▶ [Problem requirements] Only the lines from the one that includes "Periodieke nieuwsbrief voor" through the last line below belong in the reply, copied exactly and without pictures.

<<<<

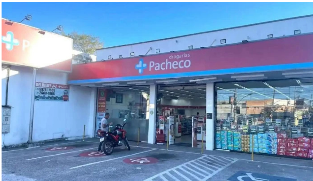
Drogarias pacheco itaguai
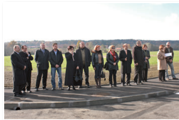
Odprtje Nove poslovno-industrijske cone v Lenartu leta 2009. Razmere so bile takrat za razvoj lenarškega gospodarstva mnogo bolj obetavne ...
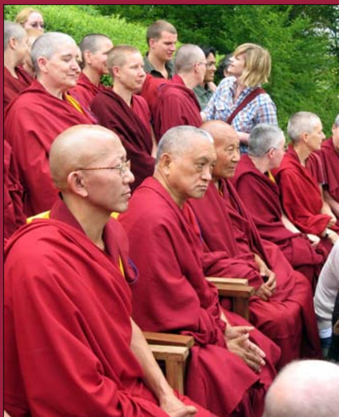
CPMT 2009: deel van de groepsfoto

Periodieke nieuwsbrief voor leden van het Maitreya Instituut
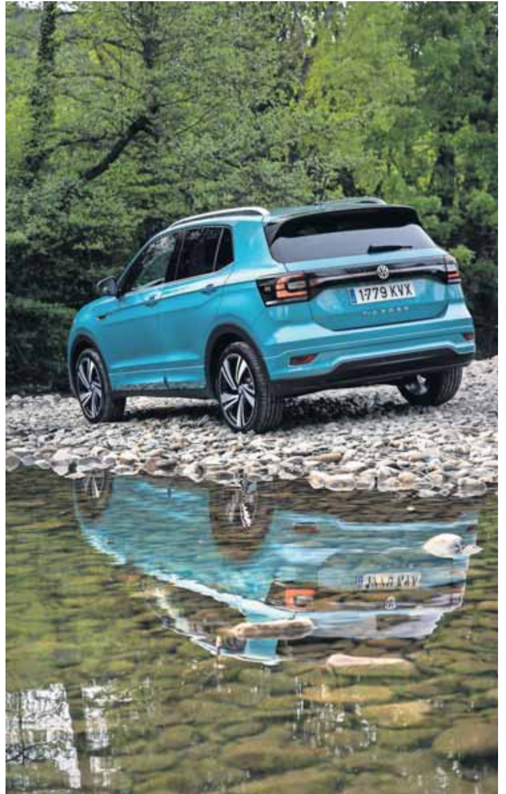
A los pies del río Arga y sobre unas piedras junto al puente de Irotz.
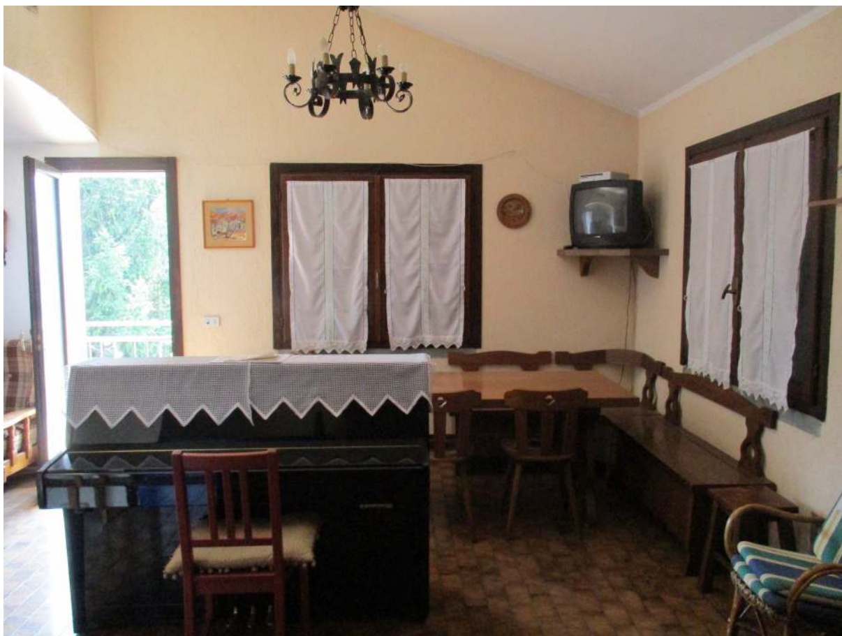
Fig. 17 – Vista del soggiorno/pranzo dalla zona cottura
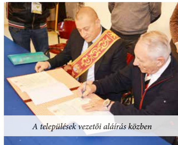
A települések vezetői aláírás közben
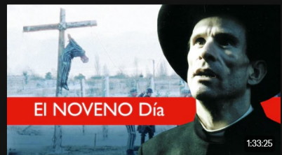
El noveno día
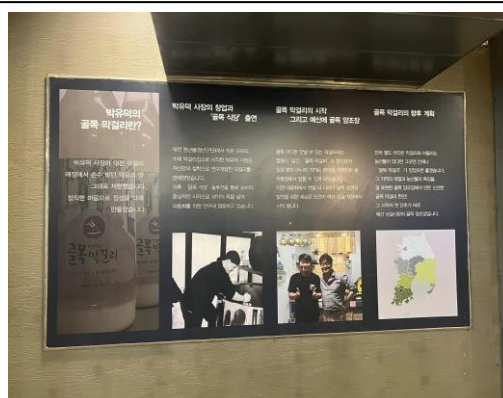
參訪禮山市場-釀酒基地(二)
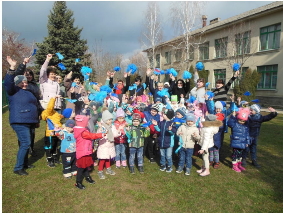
Акция «Сбереги дерево – сдай макулатуру!»
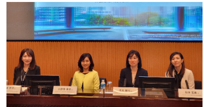
パネルディスカッション登壇者

パネリストとして業界の第一線で活躍する女性リーダーたちが登壇し、「臆せずチャレンジすることが大事」「他の方と比べない、一歩でも半歩でもいいから進む。」など、自身のキャリア形成や転換期での前向きな姿勢を伺うことができました。参加者からは「ロールモデルではなく『ロールパーツ』という考え方を初めて知り、重要な考え方だと思った。」「キャリアを積んでいる人はみな、チャレンジしたからこそその結果だと分かった。」といった声をいただくなど、大盛況のうちに終わりました。今回の参加者は男性が3割を超えており、年齢層も幅広く、業界全体における女性活躍推進への関心の高さを再認識しました。(次頁の参加者アンケート参照)
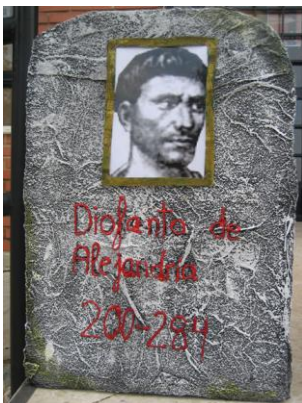
Imagen 4: Tumba realizada en el Cementerio Matemático sobre Diofanto de Alejandria

resolver la ecuación: \frac{1}{6}x + \frac{1}{12}x + \frac{1}{7}x + 5 + \frac{1}{2}x + 4 = x )
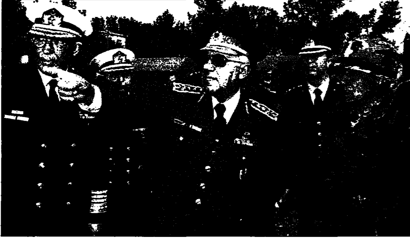
وزير لجان الجيش التركي يمدد الجمعة إلى القوات التركية المنتشرة في البانيا ضمن القوات المتعددة الجنسية
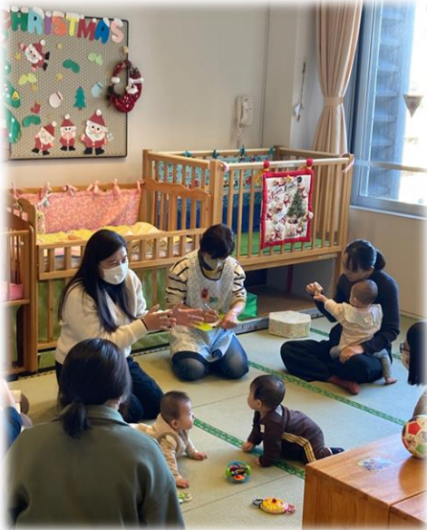
「子育て相談」の様子。お子さんと一緒に 気負わず質問できる雰囲気♪

>>>>

▶ [Task response]
Periodieke nieuwsbrief voor leden van het Maitreya Instituut
A los pies del río Arga y sobre unas piedras junto al puente de Irotz.
Fig. 17 – Vista del soggiorno/pranzo dalla zona cottura
A települések vezetői aláírás közben
El noveno día
參訪禮山市場-釀酒基地(二)
Акция «Сбереги дерево – сдай макулатуру!»
パネルディスカッション登壇者

パネリストとして業界の第一線で活躍する女性リーダーたちが登壇し、「臆せずチャレンジすることが大事」「他の方と比べない、一歩でも半歩でもいいから進む。」など、自身のキャリア形成や転換期での前向きな姿勢を伺うことができました。参加者からは「ロールモデルではなく『ロールパーツ』という考え方を初めて知り、重要な考え方だと思った。」「キャリアを積んでいる人はみな、チャレンジしたからこそその結果だと分かった。」といった声をいただくなど、大盛況のうちに終わりました。今回の参加者は男性が3割を超えており、年齢層も幅広く、業界全体における女性活躍推進への関心の高さを再認識しました。(次頁の参加者アンケート参照)
Imagen 4: Tumba realizada en el Cementerio Matemático sobre Diofanto de Alejandria

resolver la ecuación: \frac{1}{6}x + \frac{1}{12}x + \frac{1}{7}x + 5 + \frac{1}{2}x + 4 = x )
وزير لجان الجيش التركي يمدد الجمعة إلى القوات التركية المنتشرة في البانيا ضمن القوات المتعددة الجنسية
「子育て相談」の様子。お子さんと一緒に 気負わず質問できる雰囲気♪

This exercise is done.